In fact, an OSU report stated, the higher the credit card and college loan debts among young adults, the more self-esteem they reported.
Researchers warned that while debt can present opportunities to young people–such as attending college–it should not be taken lightly.
“Debt can be a positive resource for young adults, but it comes with some significant dangers,” said Rachel Dwyer, an assistant professor of sociology and the study’s lead author, “Young people seem to view debt mostly in just positive terms rather than as a potential burden.” The report also drew conclusions about how socioeconomic class affected young adults’ perception of debt:
Results showed that those in the bottom 25 percent in total family income got the largest boost from holding debt – the more debt they held, both education and credit card, the bigger the positive impact on their self-esteem and mastery.
Those in the middle class didn’t see any impact on their self-esteem and mastery by holding educational debt, perhaps because it is so common among their peers that it is seen as normal. But they did see boosts from holding credit-card debt – the more debt, the more positive effects.

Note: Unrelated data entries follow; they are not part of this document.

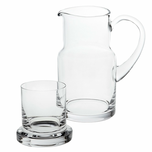 The mouth-blown glass design of this carafe set is a testament to fine craftsmanship. Each piece is unique, showcasing the artistry involved in its creation. The clear glass allows you to showcase the contents beautifully, making it an ideal choice for serving water, juice, or any beverage of your choice. Its refined aesthetic makes it a perfect addition to any decor style, from modern to traditional.
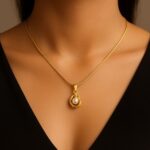 The snake-style gold chain adds a contemporary edge — sleek, close to the skin, and fluid in movement. Together, the pendant and chain form a minimal-yet-memorable ensemble that speaks of quiet luxury.
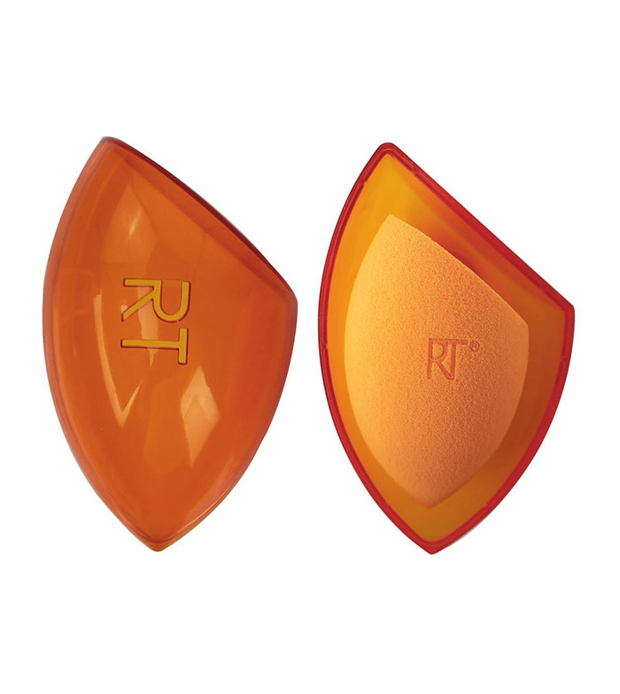Dieser Schwamm von Real Techniques hat ein Design, dessen abgerundete Seite Make-up über das ganze Gesicht verteilt, dessen Spitze Unvollkommenheiten abdeckt und dessen flache Kante um Augen und Nase herum verwendet wird.
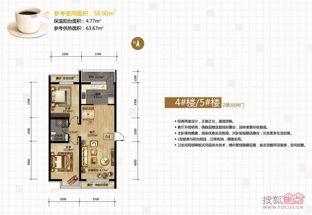 2室1厅1卫-富达蓝山5#楼两室一厅一卫58.90㎡
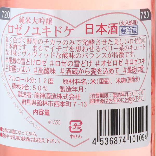 赤色酵母で仕込んだ醪をしぼった、ロゼ色の日本酒です。イチゴのようなキュートな甘味と、ワインを想わせるヴィヴィットな酸味が特徴。ラベルは中身が見えるシースルー仕様!ロゼ色のハートを飲み尽くしてください。蔵紹介
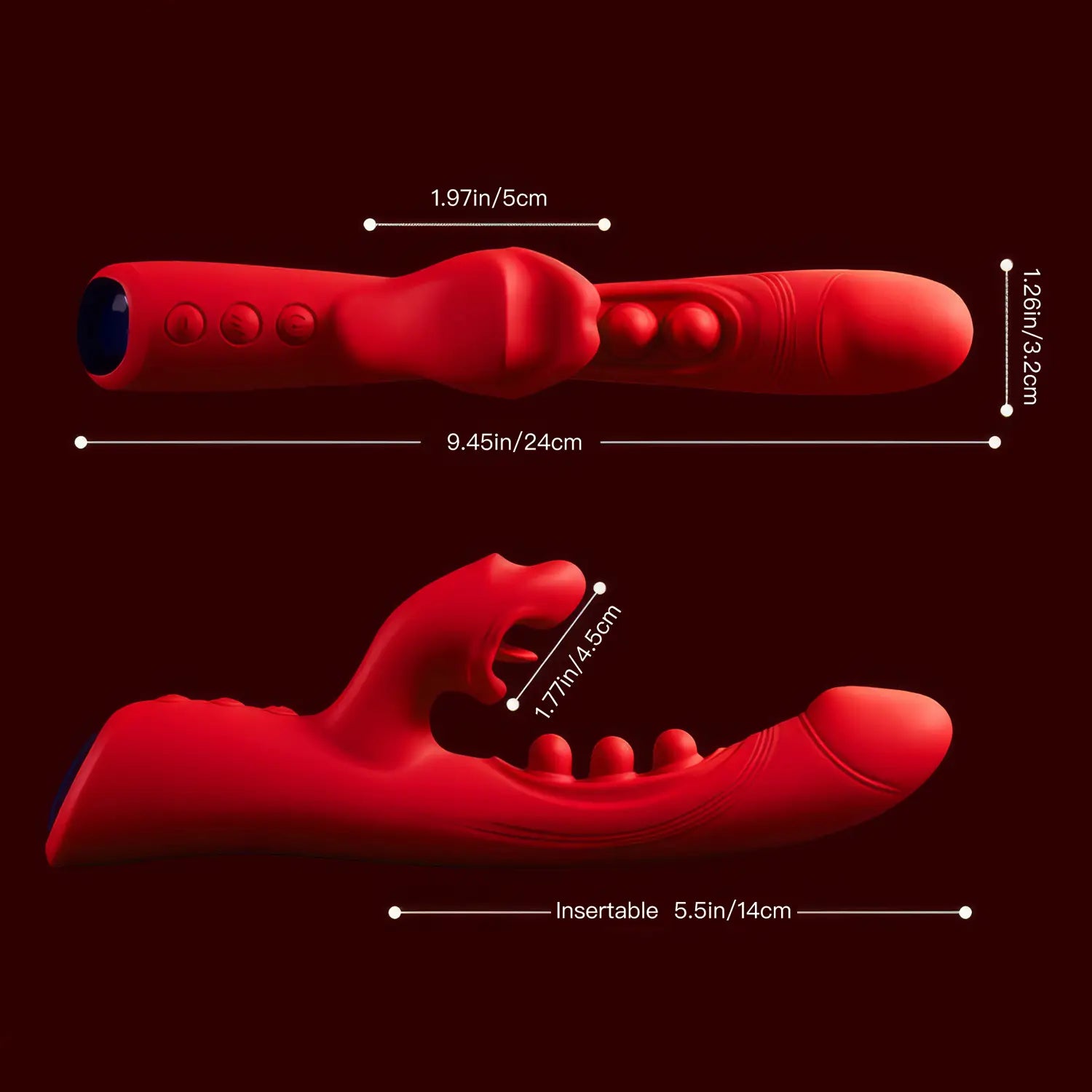 The ergonomic curve targets the G-spot with precision, while the soft tongue stimulator focuses on external sensitivity. Inside, rhythmic beads add an extra dimension of fullness and pulse, creating a deeply immersive sensation from start to finish.
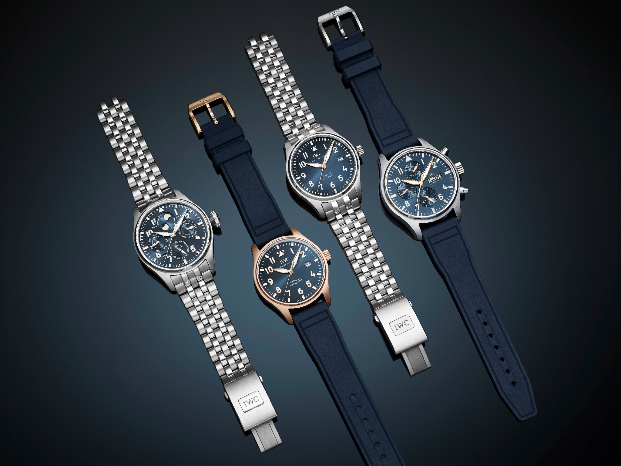 Pilot’s Watch Chronograph Le Petit Prince (Ref. IW378011): 43-millimetre stainless steel case, deep blue dial with a sunray finish, gold-plated hands with Super-LumiNova®, blue rubber strap with EasX-CHANGE® system, IWC-manufactured 69385 calibre.
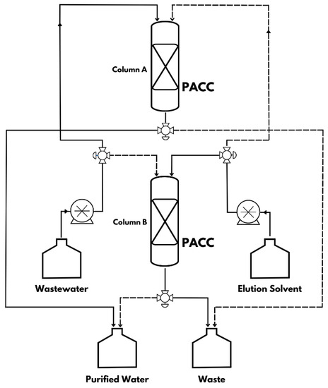 A proposed industrial setup for wastewater treatment is depicted in Figure 12. To showcase the practicality of a continuous adsorptive water treatment method, a rotating pattern of two parallel columns can be utilized for wastewater treatment, as illustrated in Figure 12. Each column can be filled with 50 g of PACC adsorbent and utilized for uninterrupted processing. Once 2.5 L of wastewater has been treated in Column A, the wastewater feed will be directed to Column B, while Column A undergoes simultaneous regeneration using the elution solvent. This method offers the advantage of simultaneous adsorption-desorption processes, therefore circumventing the drawbacks associated with conventional adsorbents, which necessitate costly operating and manufacturing methods, resulting in potential secondary pollution. The suggested approach is expected to mitigate environmental and health risks in comparison to alternative methods. A comprehensive life cycle assessment (LCA) can provide further evaluation and assessment of the environmental impact and sustainability aspects of this approach.
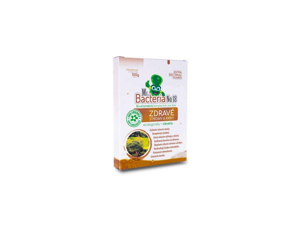 Prípravok Mr. Bacteria No. 18. je zmes pôdnych baktérií kombinovaná s vybranou mikrovýživou pre podporu rastu a zdravia rastlín. Baktérie obsiahnuté v produkte rozkladajú pôdne minerály čím ich robia ľahko rozpustnými a prístupnejšími pre využitie ich následnéstromami a kríkmi ako výživu. Vytláčajú patogény, rastlinu živia a podporujú jej zdravý rast. Pre rastlinu sa stane dostupnejším najmä fosfor, draslík a železo. Výrazne stimuluje prirodzenú odolnosť proti listovým chorobám (múčnatka, plesne, huby ..), čo má za následok zosilnenie koreňového systému aj celej nadzemnej časti stromov a kríkov.
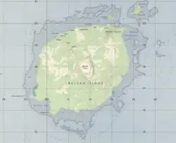 Baluan is formed by a Pleistocene stratovolcano with a large summit crater and several flank vents, some of which might be from the Holocene age. Baluan has erupted basaltic rock rather than rhyolitic rocks like its neighbours. Several small islands consisting of cone remnants are located within 1 kilometre (0.62 mi) of the north coast. Geothermal activity is observed in coastal areas.[1] Volcanic activity is evident from the hot water springs which emerge close to the shore which are mostly covered by the tide. There is a reef which surrounds the island and prevents the sea from damaging the coast.[2]
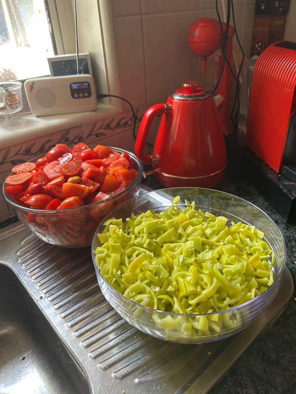 The peppers and tomatoes I cooked this morning
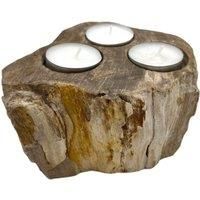 These candle holders are hand-carved, featuring a charming rustic texture. They serve as a stylish and elegant accessory that complements various interior styles. This holder is designed to fit a single tealight. Petrified Wood Candle Holders make for a beautiful decoration on a table, coffee table, or bedside table, adding a unique touch to any space. Each piece is one-of-a-kind, with natural variations and cracks formed during the petrification process. Please note that colours and patterns may vary f...
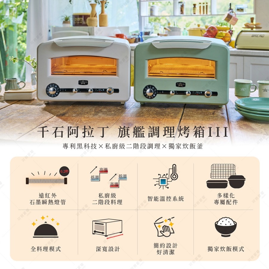 【最新款-旗天大瞬】日本千石阿拉丁「專利0.2秒瞬熱」320度極炙烤箱三代旗艦款
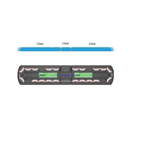 54 Inch Length x 11 Inch Width; 20-Amber/ Blue Ice Optic Dual Color LED/ 2 White Work Lamps; Clear Lens

On the other hand, the study found that young adults who came from the most affluent families received no boost at all from holding debt.
“The wealthiest young people have the most resources and options available to them, so debt is not an issue for them,” Dwyer said.
“The groups that most need the debt – the middle and lower classes – get the most benefits to their self-concept, but may also face the greatest difficulties in paying off what they owe.”